Por Carlos Gabriel Chávez Reyes

Sabemos que la escuela es uno de los principales y fundamentales espacios donde vive latentemente la socialización. Los maestros juegan uno de los roles más importantes que han existido siempre en la historia de la humanidad, pues es crucial su papel para transmitir normas, valores y conocimiento a generaciones nuevas, al tiempo en que fomentan enormes ideas morales, comprometidos cívicamente con su comunidad al formas nuevos ciudadanos, críticos y conscientes de cuestiones sociales o culturales.
Aunque bien la educación puede reproducir y perpetuar las desigualdades sociales en las sociedades modernas, también puede, al igual que el maestro, ser un gran motor que impulse el cambio y la movilidad social. Posiblemente porque los docentes tienen la capacidad de cuestionar los obstáculos que dificultan el acceso a la educación y quizá, luchar por la equidad y la justicia social.

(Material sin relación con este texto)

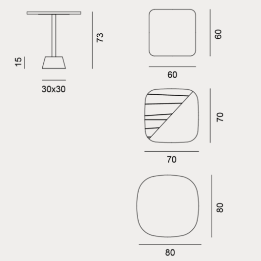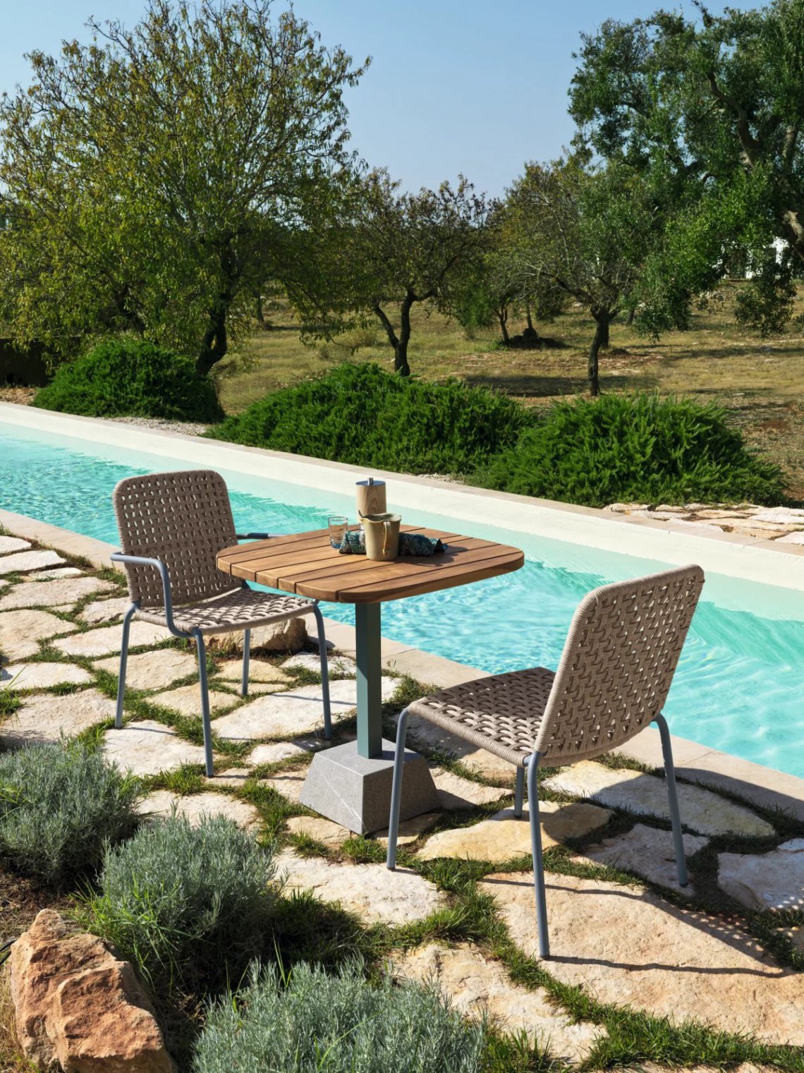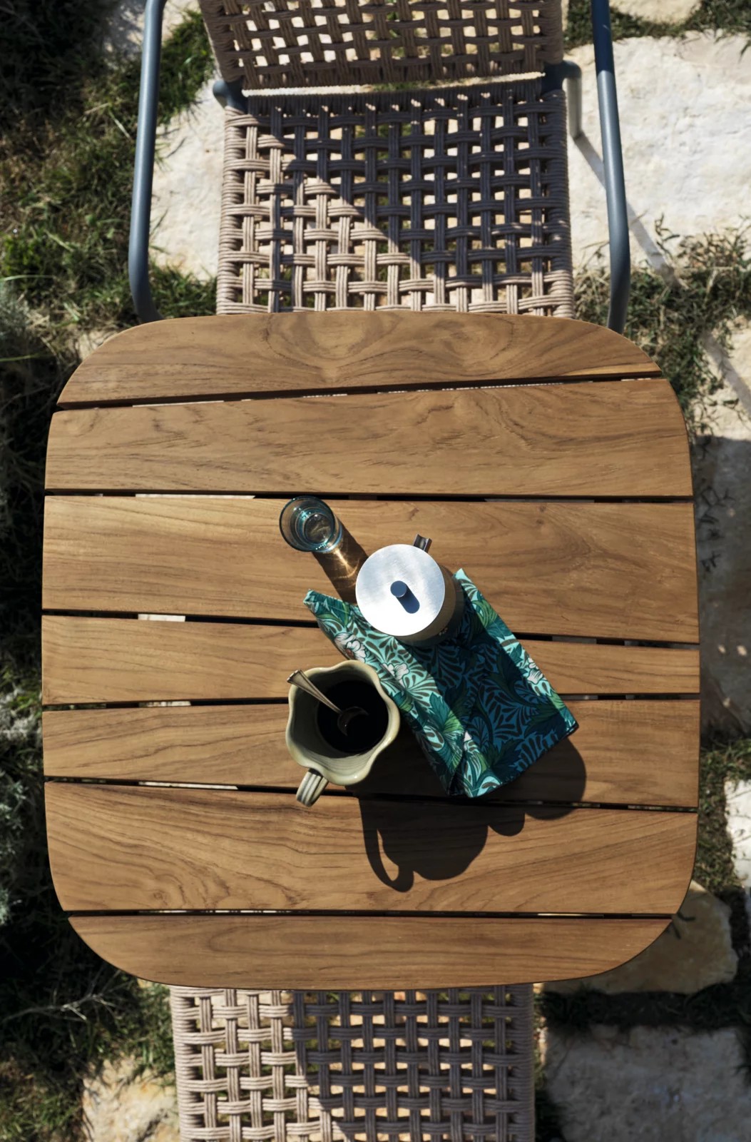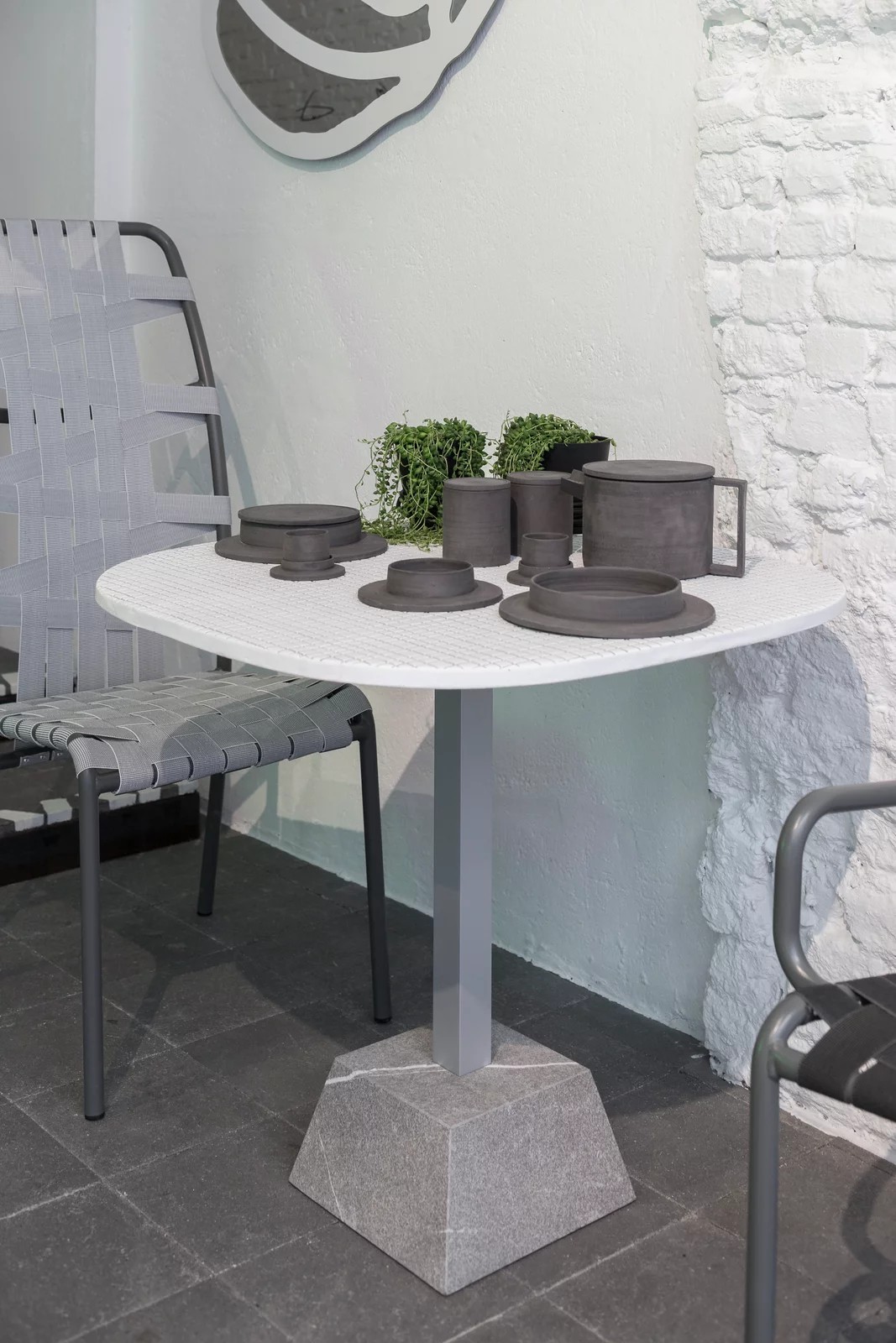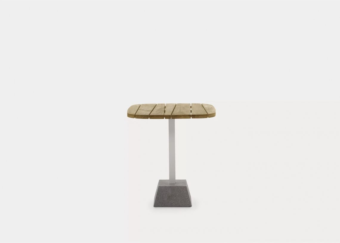Un disegno pulito definisce il tavolino Inout 137: realizzato con base in pietra Piasentina fiammata, unisce l’alluminio verniciato goffrato nei colori Pearl, Oxido, Agate, Slate, della colonna centrale, al piano quadrato disponibile a doghe di teak naturale, in marmo bianco Carrara o in gres Lecce Stone, per un prodotto dall’estrema versatilità.

Desde la perspectiva pedagógica, convertirse en maestro es ser el artesano del aprendizaje. Paulo Freire nos recordaría que el educador genuino no es el que “deposita” conocimiento, sino el que instaura un diálogo liberador, reconociendo los conocimientos previos del alumno y promoviendo una conciencia crítica del mundo con el fin de cambiarlo. John Dewey lo consideraría el constructor de vivencias significativas, un orientador que asiste al estudiante en la construcción de su comprensión mediante la acción y la reflexión, preparando el terreno no solo para el conocimiento, sino también para la vida democrática.

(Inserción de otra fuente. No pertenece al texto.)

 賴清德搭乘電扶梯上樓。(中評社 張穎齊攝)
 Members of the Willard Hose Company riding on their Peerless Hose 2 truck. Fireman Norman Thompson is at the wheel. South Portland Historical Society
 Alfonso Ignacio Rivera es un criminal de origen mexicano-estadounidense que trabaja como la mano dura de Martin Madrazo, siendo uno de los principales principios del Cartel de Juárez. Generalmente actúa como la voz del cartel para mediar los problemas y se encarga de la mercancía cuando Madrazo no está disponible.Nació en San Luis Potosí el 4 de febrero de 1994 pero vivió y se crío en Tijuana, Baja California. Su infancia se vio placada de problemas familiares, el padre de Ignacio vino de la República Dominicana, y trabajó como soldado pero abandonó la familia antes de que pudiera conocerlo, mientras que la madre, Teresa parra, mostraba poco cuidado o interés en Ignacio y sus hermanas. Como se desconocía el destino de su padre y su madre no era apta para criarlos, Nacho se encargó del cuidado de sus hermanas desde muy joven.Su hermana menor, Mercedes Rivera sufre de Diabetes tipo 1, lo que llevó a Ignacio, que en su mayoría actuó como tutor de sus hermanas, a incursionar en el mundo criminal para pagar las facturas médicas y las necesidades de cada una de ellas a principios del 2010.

Figuras como María Montessori o Célestin Freinet destacarían al profesor como un cuidador, observador y un facilitador, que moldea el entorno para que el niño, impulsor de su propio aprendizaje, descubre, confíe y se desarrolla de manera autónoma. Lev Vygotsky enfatizaría por ejemplo su papel vital como mediador, aquel que establece vínculos en la “zona de desarrollo próximo” para que el alumno logre nuevas cimas de pensamiento con el soporte apropiado. En esencia, el educador es el encargado de encender la llama, no quien simplemente rellena el contenedor.

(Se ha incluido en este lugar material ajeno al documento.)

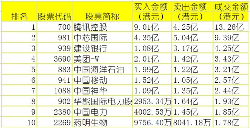 港股通(沪)买卖前十股(单位:港元):
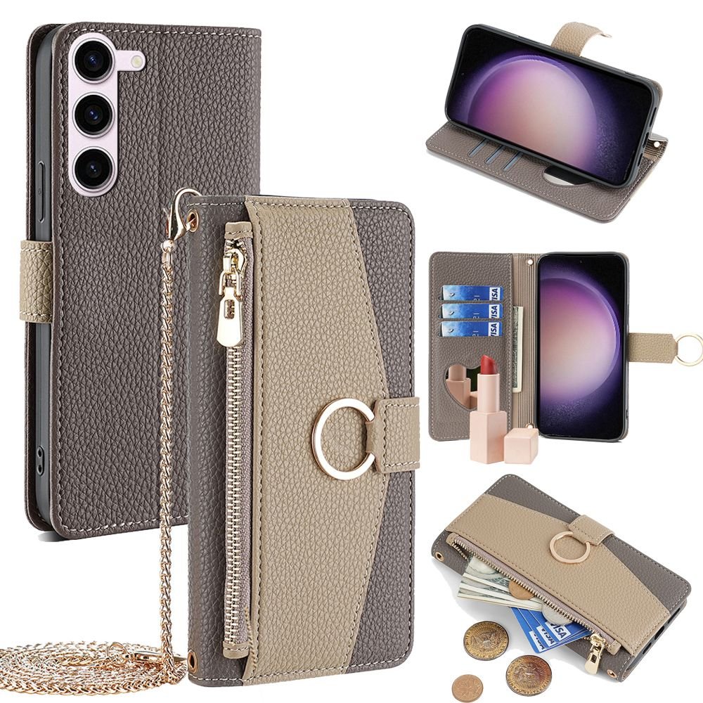 PU Leather Zipper Wallet Case for Galaxy A55 A54 A35 A25 A15 A05 5G/4G, Xcover7 5G with Chain Lanyard Strap Mirror Bracket
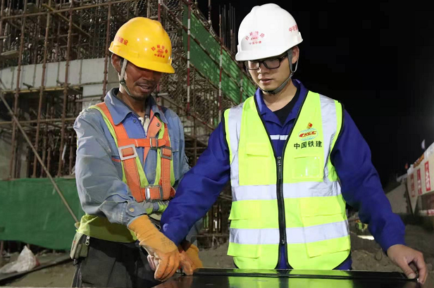 中鐵建設(shè)拉林鐵路站房項目總工程師王曉東在現(xiàn)場檢查

Los sociólogos como Michael Apple o Henry Giroux reaccionan con particular urgencia. Ellos perciben al profesor como un “transformador intelectual “, un individuo con la habilidad y la obligación de desafiar las estructuras, y promueven un pensamiento crítico que no solo comprende la sociedad, sino que busca hacerla más equitativa. Según estos teóricos, el profesor no es un técnico imparcial, sino un agente político y moral capaz de fortalecer a sus alumnos para que se transformen en ciudadanos comprometidos y conscientes de las complejas realidades que los envuelven.
Entonces, ser docente es encarar una vocación de una complejidad y una importancia excepcionales. Es ser, al mismo tiempo, facilitador del crecimiento personal y elemento crucial del mecanismo social; portador de herencias culturales y, posiblemente, catalizador de su cambio.